This week, we developed texturing and details on our balloon. My previous model for my balloon was okay, but I’m glad we were given guidance on how to improve this because it was still lacking realism.
First, I added pipes to my boilers I had created and added some more colour to the actual balloon.

I then worked on adding ringlets to where the ropes would be attached. I struggled with the tool called duplicate special to do this, but then figured it was because my centre wasn’t in the centre of the world. I then also bent the pipes to align with the other bars using the soft brush tool.






Then I looked at adding a more realistic texture to the weave basket, and the metal on the balloon. I found a weave texture picture, and applied this to the basket. I then found wooden texture on Poly Haven to add to the trim of the basket to break up the colour. Finally, I found scratched metal to add to the metal on the balloon, to show a more worn and realistic material.

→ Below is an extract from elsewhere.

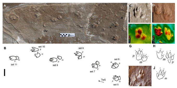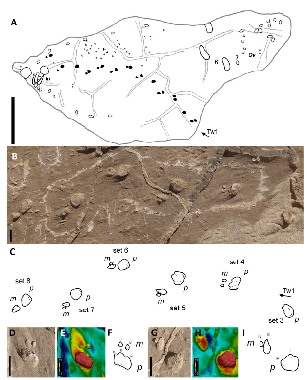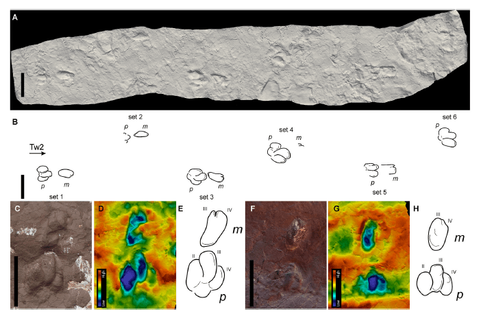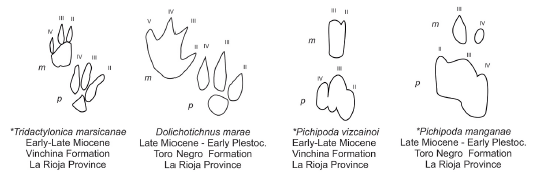 Pichipoda is a novel ichnogenus that has a didactyl to monodactyl manus and tridactyl mesaxonic pes impressions with robust digits with blunt tips. Two ichnospecies are assigned to Pichipoda, including P. manganae and P. vizcainoi. P. manganae (P. manganaei) is the largest ichnospecies of Pichipoda and has a didactyl manus, and the manus of P. vizcainoi shows an almost monodactyl morphology. Tridactylonicha marsicanae is another novel ichnogenera and ichnospecies, described by a tridactyl to didactyl paraxonic manus and tridactyl mesaxonic pes impression with long, slender, and pointed tips of the toe impressions. Dolichotichnus marae has tetradactyl paraxonic manus and tridactyl mesaxonic pes impressions.
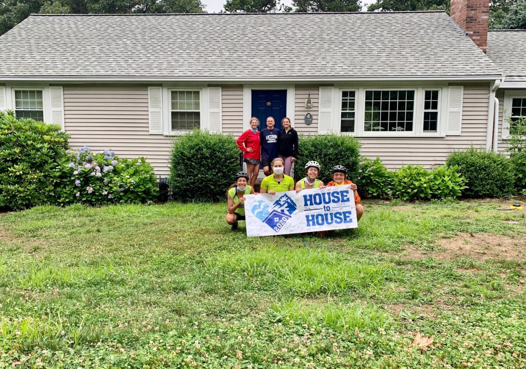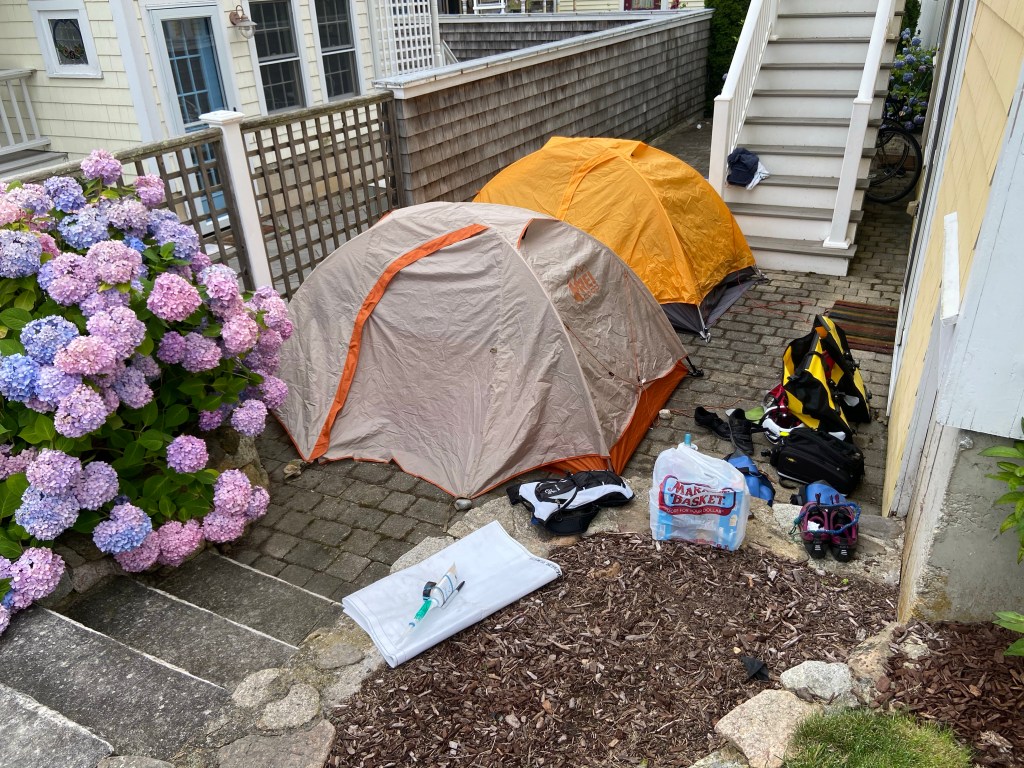 After biking all day with soggy feet, we stripped off our shoes and socks. We ran down the street fully clad in bike shorts and sport bras. Grandma Joyce, Papa Dick, and Uncle Jeff were certainly surprised by the strange sight as four grown women frolicked into the bay. We swam around just for a moment and returned to shower and set up camp. Within minutes our bags, as usual, exploded onto the patio.

I then added an appropriate lighting source, of a beach downloaded from Poly Haven, checked if my texture looked okay from within the basket as well, and then reviewed the balloon for any other details I could add.



For the animation I set up 77 frames of my balloon turning 360 degrees, made the animation graph linear and played this through to see if it was okay. Finally, I was ready to render this balloon animation ready for my Nuke class. I waited roughly 30 minutes for this after class, and made sure all the settings were correct.

Initially when it was finished I was confused as it wouldn’t open on Nuke, and was just 77 exr images, but in my session with Christos I was taught that the .exr file would be under the read node of image reader.